» Record extracts:
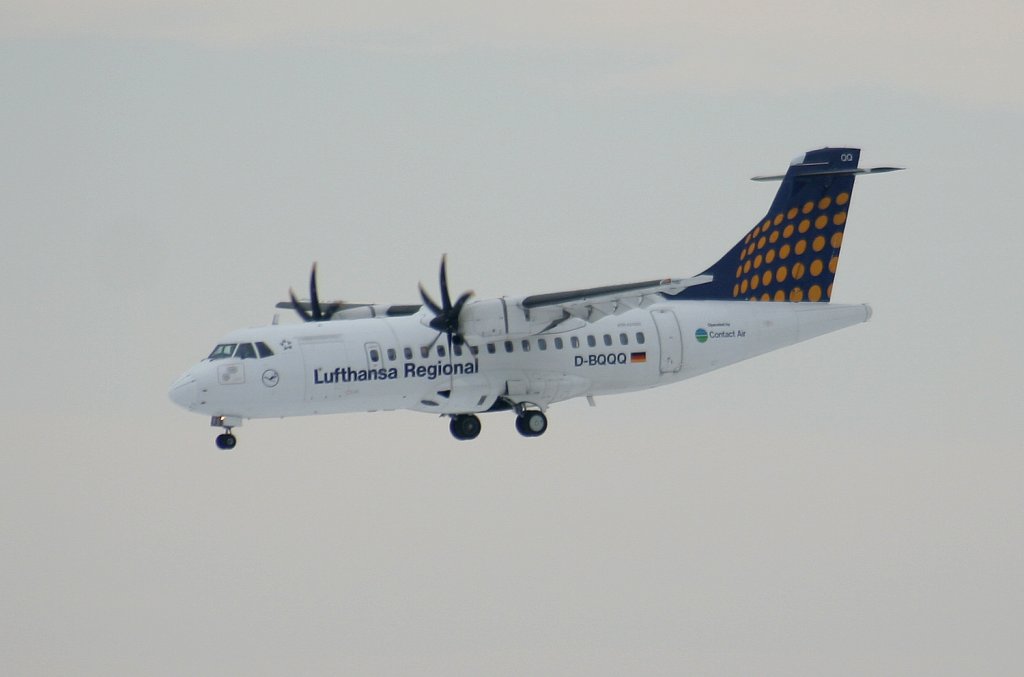 Lufthansa Regional (Contact Air) ATR-42-500 D-BQQQ kurz vor der Landung in Stuttgart am 10.03.2010
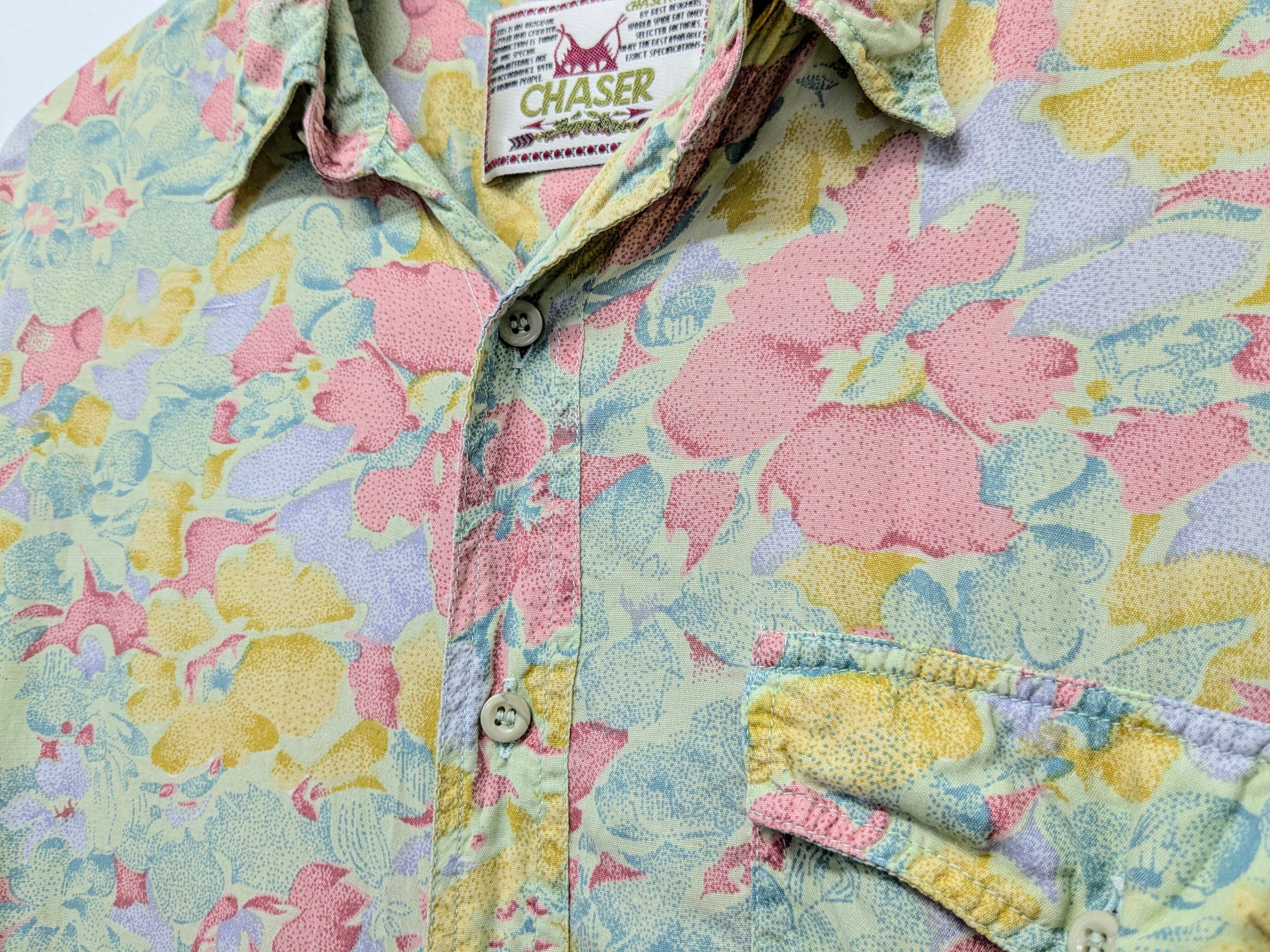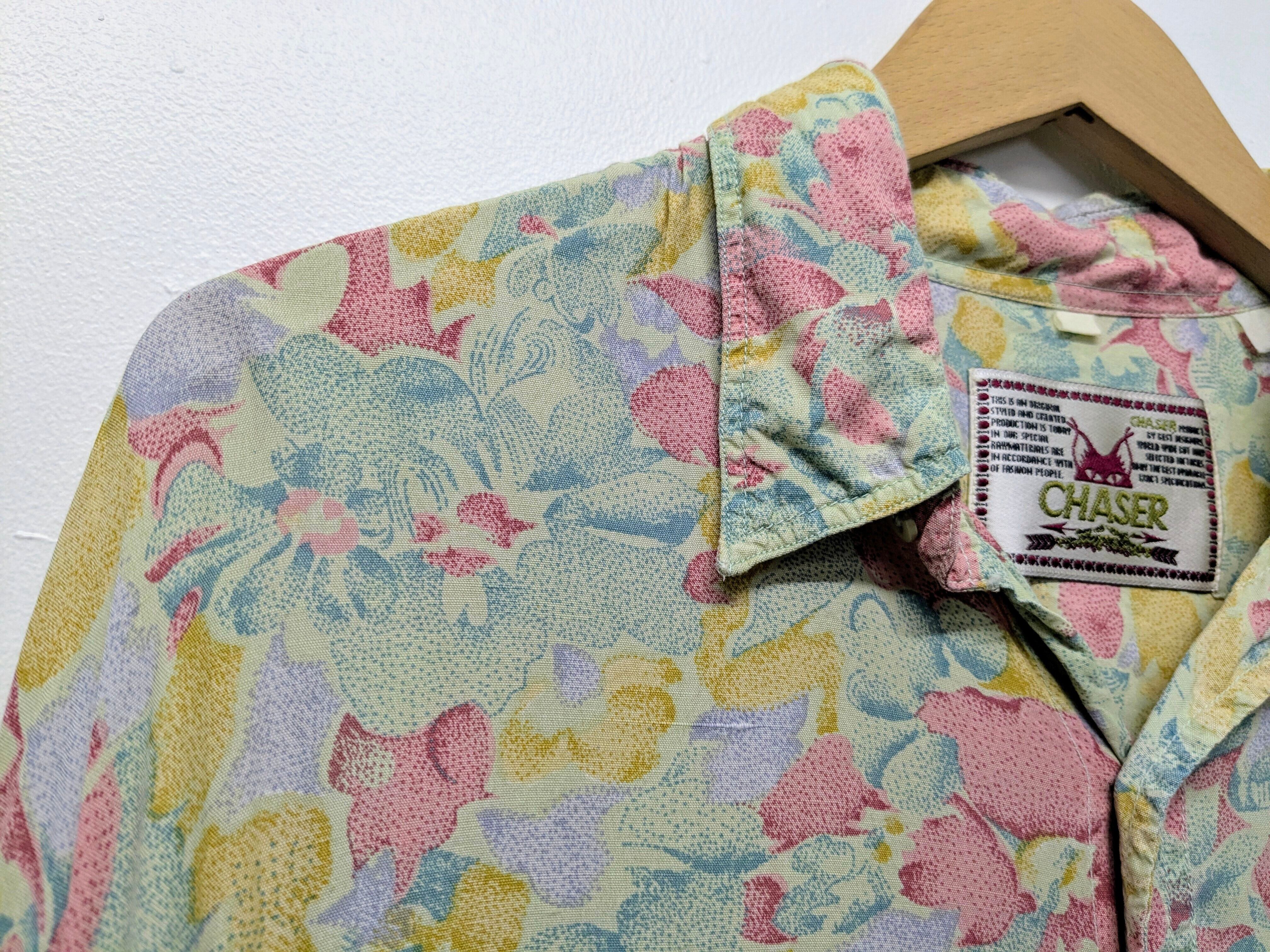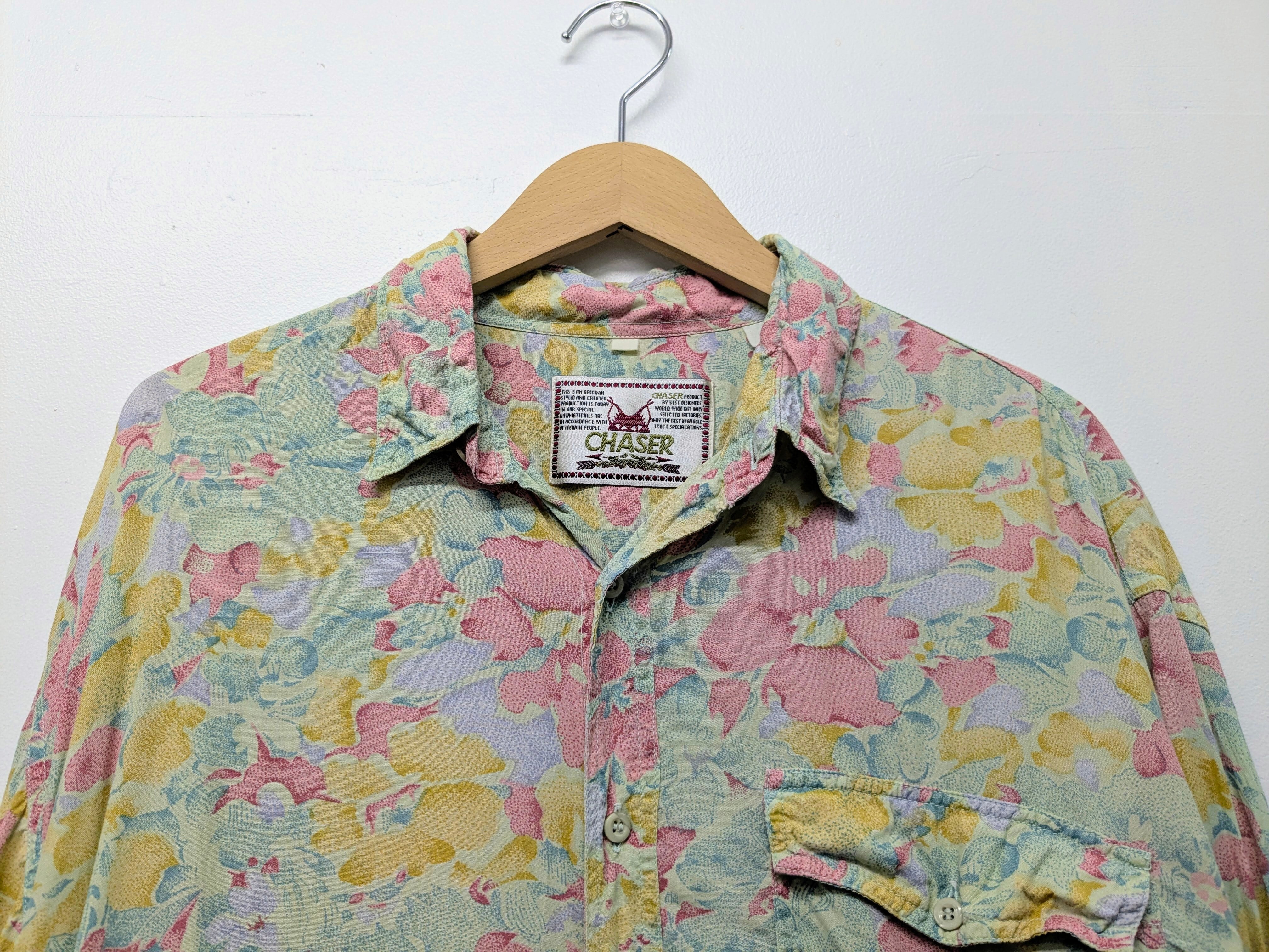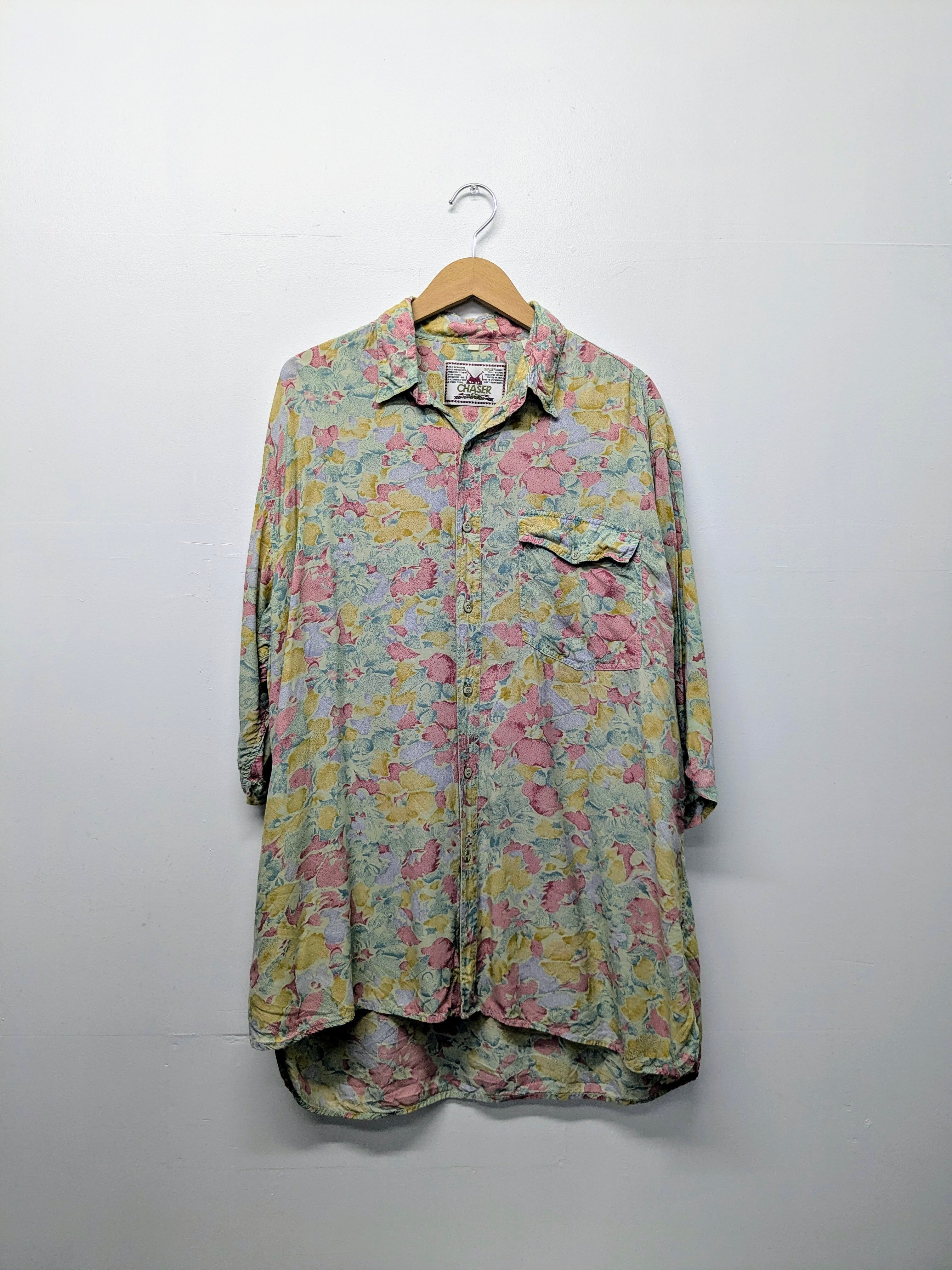 Pale Color Flower Pattern Open Collar Shirt
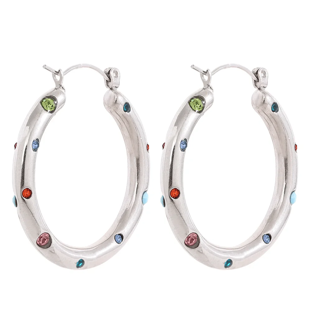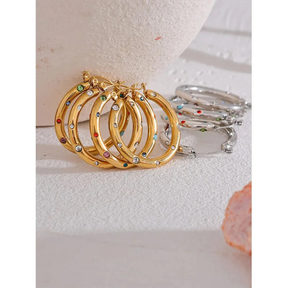 Add a touch of vintage charm and bohemian flair to your look with the Kaleidoscope Bliss Hoop Earrings. These stunning earrings seamlessly combine classic hoop shapes with vibrant gemstones. creating a timeless yet trendy accessory. Available in gold-colored hoops with a textured finish or silver-colored hoops. each pair is adorned with sparkling. multi-colored gemstones. making them the perfect statement piece for any occasion.
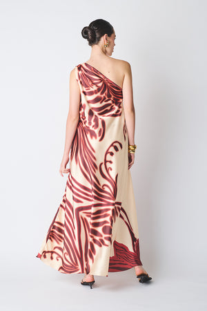 Vestido de silueta amplia, corte segado, de un solo hombro.
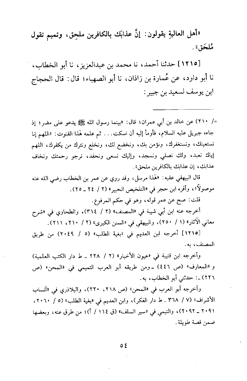 1215 - حَدَّثَنَا أَحْمَدُ، نَا مُحَمَّدُ بْنُ عَبْدِ الْعَزِيزِ، نَا أَبُو الْخَطَّابِ، نَا أَبُو دَاوُدَ، عَنْ عُمَارَةَ بْنِ زَاذَانَ، نَا أَبُو الصَّهْبَاءِ؛ قَالَ: قَالَ الْحَجَّاجُ بْنُ يُوسُفَ لِسَعِيدِ بْنِ جُبَيْرٍ: -[55]- اخْتَرْ أَيَّ قَتْلةٍ شِئْتَ. فَقَالَ لَهُ سَعِيدُ بْنُ جُبَيْرٍ: بَلْ أَنْتَ؛ فَاخْتَرْ لِنَفْسِكَ؛ فَإِنَّ الْقِصَاصَ أَمَامَكَ.
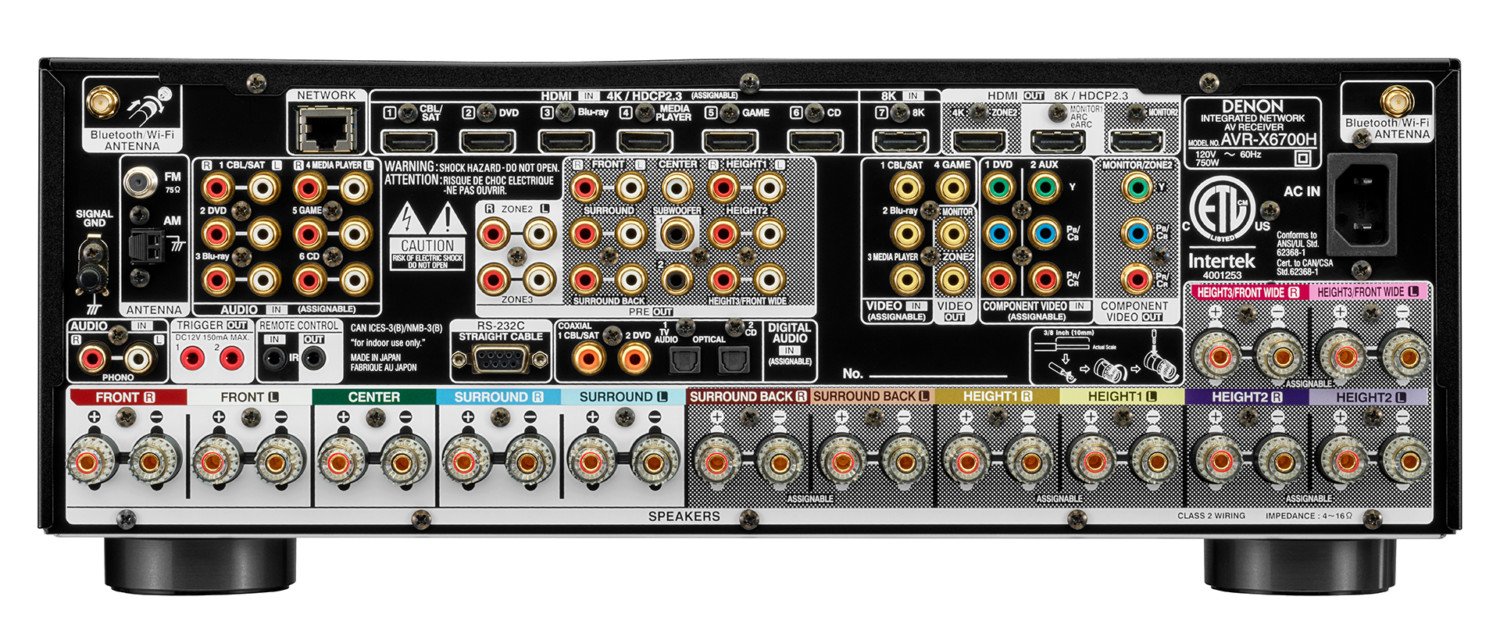 Der er proppet med tilslutningsmuligheder på 11 kanals topmodellen AVR-X6700H, der også understøtter det objektorienterede lydsystem DTS:X Pro.
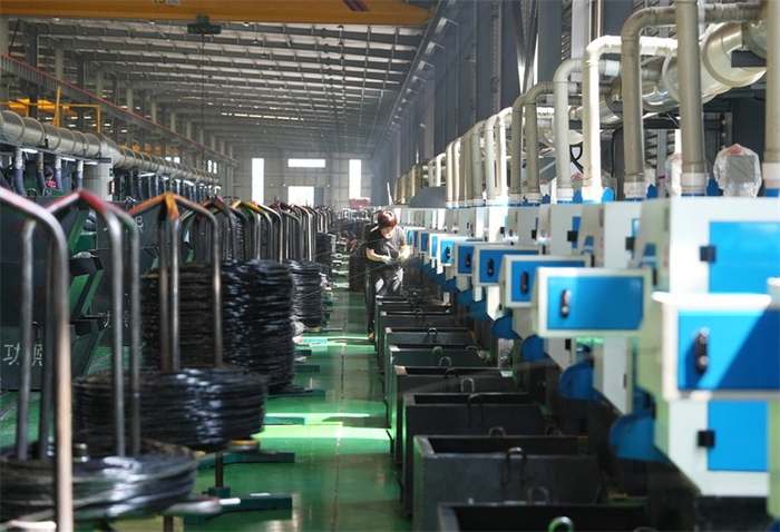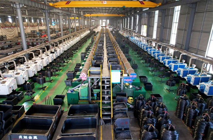 7月7日,位于邢台市任泽区龙泉剑集团-厚力五金产业园的共享车间内,全自动电窑正在对线材进行热处理。

» Work instructions: Write out a verbatim copy of the lines from the line that contains "Der er proppet" through the end of the entries above; pictures are not copied.

» The completed task:
 Der er proppet med tilslutningsmuligheder på 11 kanals topmodellen AVR-X6700H, der også understøtter det objektorienterede lydsystem DTS:X Pro.
 7月7日,位于邢台市任泽区龙泉剑集团-厚力五金产业园的共享车间内,全自动电窑正在对线材进行热处理。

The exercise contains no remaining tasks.